Sexually Transmitted Diseases Cultures
Sexually Transmitted Diseases Cultures
Sexually transmitted diseases are infections spread from person to person through sexual contact. A culture is a test in which a laboratory attempts to grow and identify the microorganism causing an infection.
Sexually transmitted diseases (STDs) produce symptoms such as genital discharge, pain during urination, bleeding, pelvic pain, skin ulcers, or urethritis. Often, however, they produce no immediate symptoms. Therefore, the decision to test for these diseases must be based not only the presence of symptoms, but on whether or not a person is at risk of having one or more of the diseases. Activities, such as drug use and sex with more than one partner, put a person at high risk for these diseases.
STD cultures are necessary to diagnose certain types of STDs. Only after the infection is diagnosed can it be treated and further spread of the infection prevented. Left untreated, consequences of these diseases range from discomfort to infertility to death. In addition, these diseases, if present in a pregnant woman, can be passed from mother to fetus.
Gonorrhea, syphilis, chlamydia, chancroid, herpes, human papillomavirus, human immunodeficiency virus (HIV), and mycoplasma are common sexually transmitted diseases. Not all are diagnosed with a culture. For those that are, a sample of material is taken from the infection site, placed in a sterile container, and sent to the laboratory.
In the laboratory, a portion of material from the infection site is spread over the surface of several different types of culture plates and placed in an incubator at body temperature for one to two days. Bacteria present in the sample will multiply and appear on the plates as visible colonies. They are identified by the appearance of their colonies and by the results of biochemical tests and a gram stain. The Gram stain is done by smearing part of a colony onto a microscope slide. After it dries, the slide is stained with purple and red stains, then examined under a microscope. The color of stain picked up by the bacteria (purple or red), the shape (such as round or rectangle), and the size provide valuable clues as to the identity and which antibiotics might work best. Bacteria that stain purple are called Gram-positive; those that stain red are called gram-negative.
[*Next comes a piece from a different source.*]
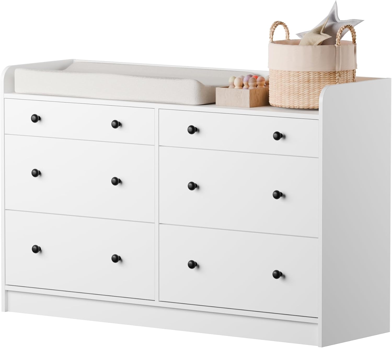 Cozy Castle Baby Dresser with 6 Drawers and Large Table Top, Multi-Functional Chest of Drawer, Drawer Dresser with Three-Sided High Rails for Nursery, Children's Room, Bedroom, White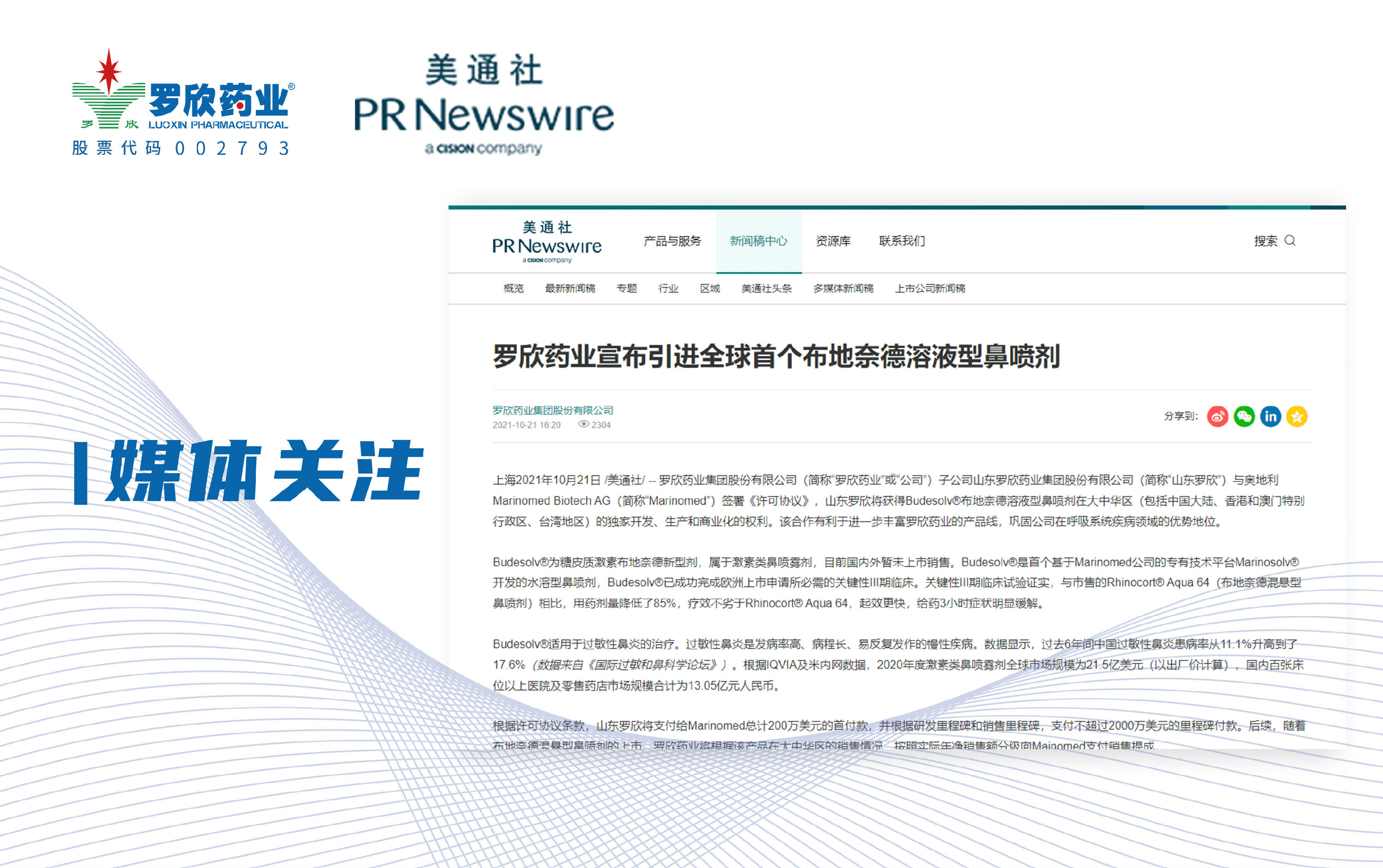 美通社报道 | 罗欣药业宣布引进全球首个布地奈德溶液型鼻喷剂

The result of the gram stain is available the same day or in less than an hour if requested by the physician. An early report, known as a preliminary report, is usually available after one day. This report will tell if any microorganisms have been found yet, and if so, their Gram stain appearance—for example, a Gramnegative rod or a gram-positive cocci. The final report, usually available in one to seven days, includes complete identification and an estimate of the quantity of the microorganisms isolated.
A sensitivity test, also called antibiotic susceptibility test, commonly done on bacteria isolated from an infection site, is not always done on bacteria isolated from a sexually transmitted disease. These bacteria often are treated using antibiotics that are part of a standard treatment protocol.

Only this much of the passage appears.